Единственная красная лампочка, свисавшая на коричневом проводе с потолка, наполняла комнату ярким кровавым светом. Ставни на окне были закрыты, отчего комната, и без того пропитанная влагой после наводнения, сделалась еще более влажной и прогрелась.

Совершенная безвкусица ситуации вдохновила Марлин на совершенно не характерное для нее неистовство.
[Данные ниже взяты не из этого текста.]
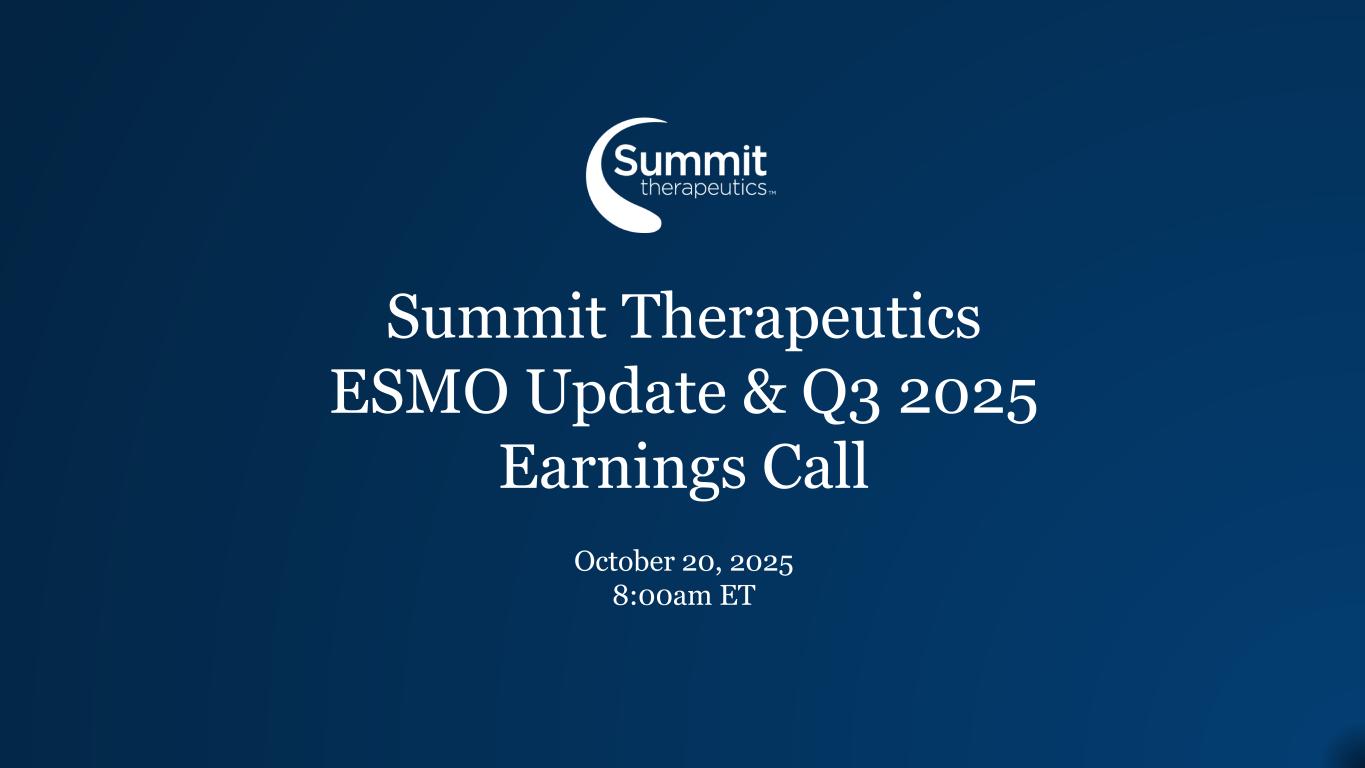 Summit Therapeutics ESMO更新和2025年第三季度财报电话会议2025年10月20日美国东部时间上午8:00

Отвечая на диалог тел, Мартин увеличился внутри нее до невиданных доселе размеров, и ему вдруг представилось, что он находится в самом дешевом борделе, где опытная и неразборчивая проститутка работает над ним за деньги. Красный свет придал комнате нереальности, прямо как в фильмах Феллини или в каком-нибудь турецком лагере скорби, где бедных, лишившихся защитника молодых вдов, еще вчера уважаемых и замужних, бросают в самое пекло разврата, из которого нет спасения.

Лица Марлин не было видно, когда Мартин сжал ее гладкие, ровные, подпрыгивающие на нем ягодицы.

Идеальные округлости уже начали темнеть после часов, проведенных под критским солнцем, что очень шло ее веснушчатому телу, которое теперь, когда они натужно дышали, извивалось, как змея. Он крепко сжал эти полушария, боясь, что в экстазе она может попросту слететь с него.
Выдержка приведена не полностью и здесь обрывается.